Flooding in Alberta and an increasingly cautious consumer have economists predicting that Statistics Canada will report weaker retail sales figures for June when the numbers come out Thursday.
But the pullback of 0.2 to 0.5 per cent that observers are predicting is really just payback for May, which saw retail sales jump 1.9 per cent in the month, said Dawn Desjardins, assistant chief economist at Royal Bank of Canada.
“You’re still looking at second-quarter growth on the retail sales side that is quite robust,” Ms. Desjardins said.
Auto sales, which have broken records recently, is one area that economists are predicting will come back to earth.
“I don’t think the trend is necessarily down, but [Canadians] do have relatively cautious attitudes towards credit, and big-ticket items like autos are typically bought on credit,” said Avery Shenfeld, chief economist for CIBC World Markets.
Just how much of an impact that the June flooding in southern Alberta will have is still a big question, Mr. Shenfeld said.

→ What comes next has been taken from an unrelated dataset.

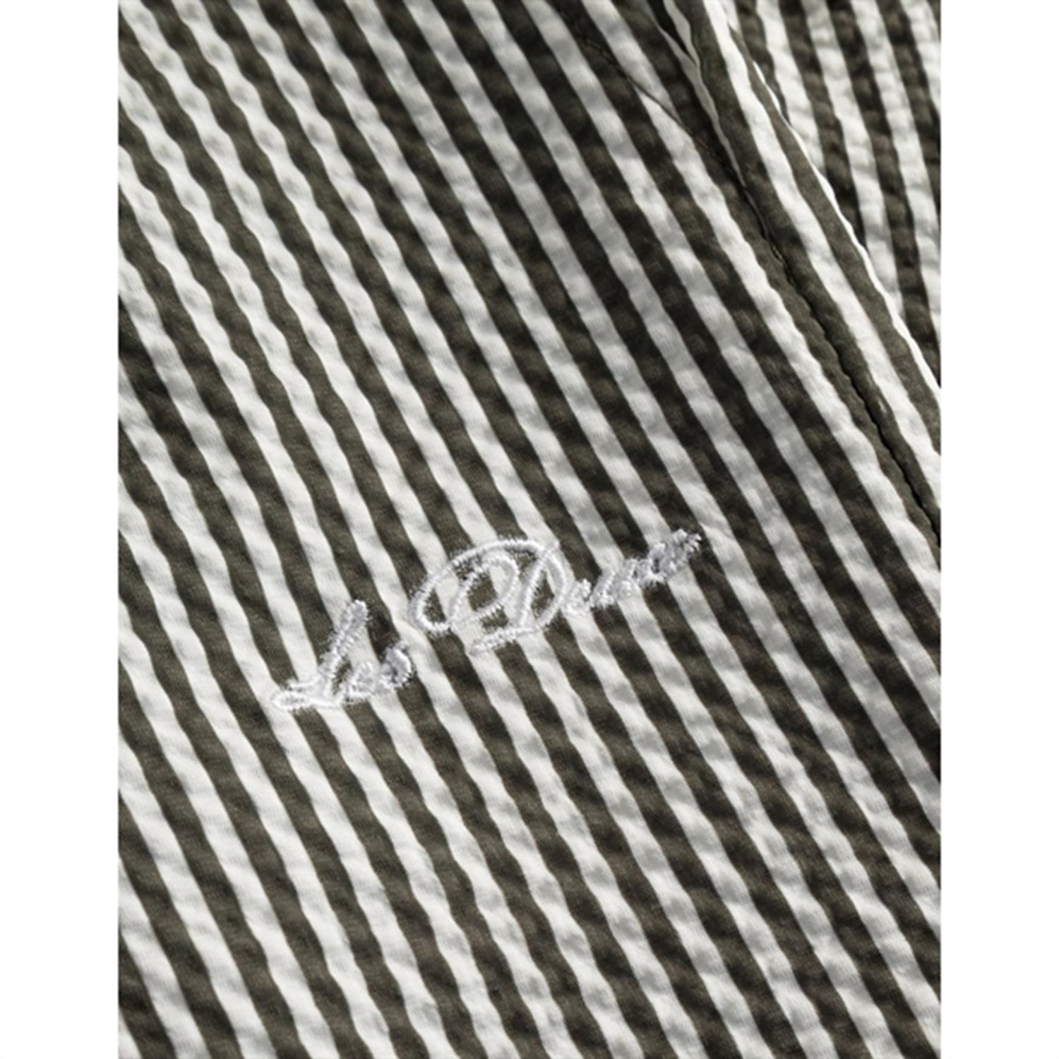 Les Deux Kids Olive Night/Ivory Stan Stripe Seersucker Swim Shorts

Economists were predicting that the flooding would take a big bite out of manufacturing sales in June, but when the numbers were released last week, Alberta actually posted a modest gain for the month.
But the Alberta floods are just one factor that has economists forecasting a pullback in June.
“I think retail numbers will underscore how weakly the economy performed in the month of June,” said Derek Burleton, deputy chief economist with Toronto-Dominion Bank.
“I think from a broader perspective, we’re still dealing with a consumer that’s showing increased caution amid high debt levels,” Mr. Burleton said. “Job growth has been following a much more subdued trend of late so I think the general tale here is there’s still some caution that’s persisting in the June numbers.”
It’s something that he said ties with his view on inflation numbers for July.
Mr. Burleton is forecasting headline inflation to tick up to 1.6 per cent for the month, driven by higher prices for electricity and clothes.
“We’re still in a pretty low inflation environment, but one where I think we’ve seen the bottom,” Mr. Burleton said.
However, with an economy that’s still operating below it’s potential, Mr. Burleton said he doesn’t think that there is any danger of big inflation jumps in the near term.
Meanwhile, Mr. Shenfeld and Ms. Desjardins are both predicting July headline inflation to come in slightly lower at 1.4 per cent in July.
That puts it at the low end of the Bank of Canada’s target of between 1 and 3 per cent, which neither economist thinks will spur any action from the bank.
“I think they still have time on both the inflation front, and in terms of slack in the Canadian economy, to sit on their hands in terms of thinking about eventual interest rate hikes,” Mr. Shenfeld said.